A freelancer is always going to be your only viable option if the project is finite and limited. Do you really need a bigger team, or do you need a professional with a niche skillset for a very specific project you need done? The pros of using freelancers is that little to no training (and therefore time or money) is needed to get them up and running other than acquainting them with your project and laying down the ground rules. (And do not, I repeat, DO NOT ever enter into an engagement with a freelancer without at least a simple contract or scope of work signed by both parties that lays out the expectations of the project beforehand. You do not ever want to find out that you are not on the same page when you are hundreds of dollars and dozens of hours deep into a railroaded project.)

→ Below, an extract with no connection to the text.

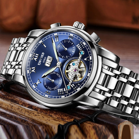 New Men Kinyued Stainless Steel Watch Band Automatic Mechanical Business Wrist Watch Luxury Brand Waterproof Watch for Men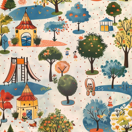 child’s room wall paper design featuring a playground motif --tile --v 6.0

Freelancers are often comfortable with remote working arrangements as well, expanding your candidate pool beyond your immediate area. If you spend the time to do your research and find someone who comes qualified and well recommended, you may also find that freelancers do better work in general, as the success of their business is at stake, rather than simply your own. And don’t think that freelancers are just moonlighting college kids, either: Forbes describes the typical freelancer as “…a Gen-Xer with at least 10 years of experience, commanding over $24 an hour, and 14% make over $100k a year.” Drawbacks for a freelance arrangement include a loss of control of how the work is done, and an inability to directly supervise. There is also no guarantee that your freelancer will be available from one project to the next without paying out the nose for a non-compete agreement, and when your freelancer leaves, the time and energy you’ve spent training them leaves with them.
Internships have changed a lot recently. The 2008 crash left many new grads fighting to compete for scarce jobs with a huge pool of newly unemployed experienced professionals. With the increasing desperation of new workers to gain any kind of professional experience to pad their resumes, many sleazy companies took the opportunity to create manipulative “internships” that offered little more than the expectation of free labor. To my constant chagrin, I see that the idea has stuck around like a grease stain, and many companies now seem to think that an intern is just a person they can get to do free or cheap labor.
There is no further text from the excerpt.